╔══

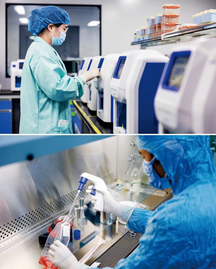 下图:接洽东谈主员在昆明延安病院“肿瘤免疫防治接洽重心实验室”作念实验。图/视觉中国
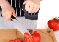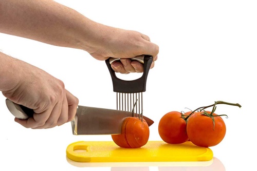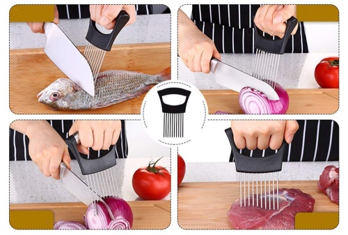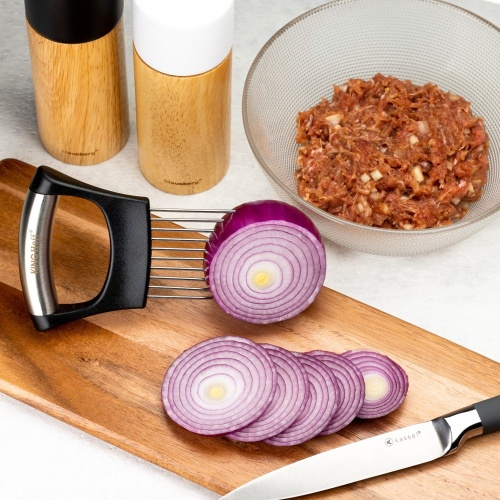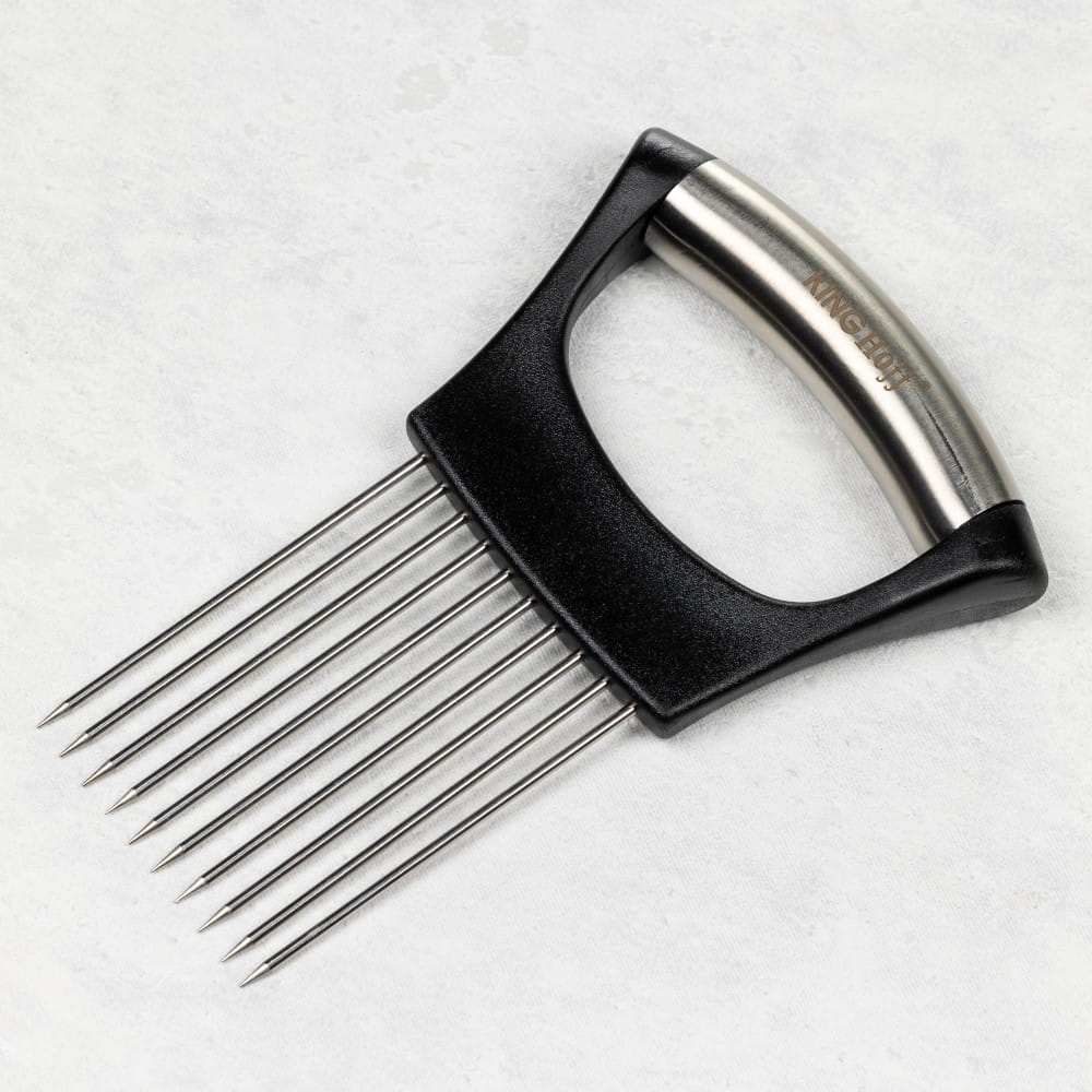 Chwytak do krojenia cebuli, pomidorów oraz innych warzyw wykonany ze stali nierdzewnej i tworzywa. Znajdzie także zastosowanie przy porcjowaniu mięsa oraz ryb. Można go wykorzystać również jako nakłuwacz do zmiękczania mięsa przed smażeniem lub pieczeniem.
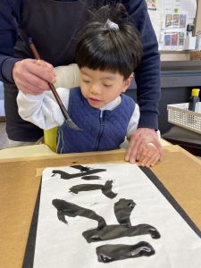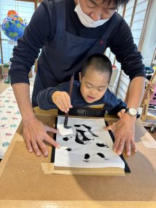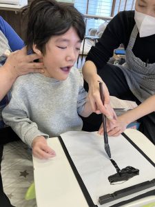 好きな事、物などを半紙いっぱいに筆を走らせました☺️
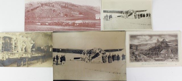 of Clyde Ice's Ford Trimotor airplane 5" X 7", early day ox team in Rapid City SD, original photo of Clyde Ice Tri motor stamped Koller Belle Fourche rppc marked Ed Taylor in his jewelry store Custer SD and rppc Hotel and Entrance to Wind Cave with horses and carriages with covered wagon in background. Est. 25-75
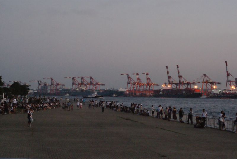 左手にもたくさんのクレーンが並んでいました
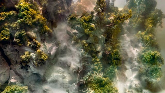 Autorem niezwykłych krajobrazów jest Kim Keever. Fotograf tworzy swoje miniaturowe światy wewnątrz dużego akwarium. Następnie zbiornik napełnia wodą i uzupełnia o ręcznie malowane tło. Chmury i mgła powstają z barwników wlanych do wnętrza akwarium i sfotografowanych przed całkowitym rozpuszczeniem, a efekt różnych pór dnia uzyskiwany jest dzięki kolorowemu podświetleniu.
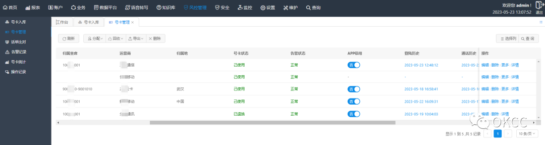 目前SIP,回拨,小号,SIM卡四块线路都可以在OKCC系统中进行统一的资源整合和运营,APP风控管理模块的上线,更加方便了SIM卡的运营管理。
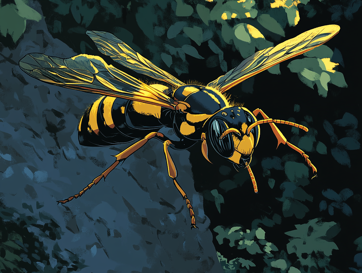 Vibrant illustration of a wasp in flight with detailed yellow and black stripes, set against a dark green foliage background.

╚══

● Work item
Return exactly the lines starting at the line with "Autorem niezwykłych krajobrazów" and ending at the last line of the listing, both ends included; pictures are to be left out.

● Written answer
 Autorem niezwykłych krajobrazów jest Kim Keever. Fotograf tworzy swoje miniaturowe światy wewnątrz dużego akwarium. Następnie zbiornik napełnia wodą i uzupełnia o ręcznie malowane tło. Chmury i mgła powstają z barwników wlanych do wnętrza akwarium i sfotografowanych przed całkowitym rozpuszczeniem, a efekt różnych pór dnia uzyskiwany jest dzięki kolorowemu podświetleniu.
 目前SIP,回拨,小号,SIM卡四块线路都可以在OKCC系统中进行统一的资源整合和运营,APP风控管理模块的上线,更加方便了SIM卡的运营管理。
 Vibrant illustration of a wasp in flight with detailed yellow and black stripes, set against a dark green foliage background.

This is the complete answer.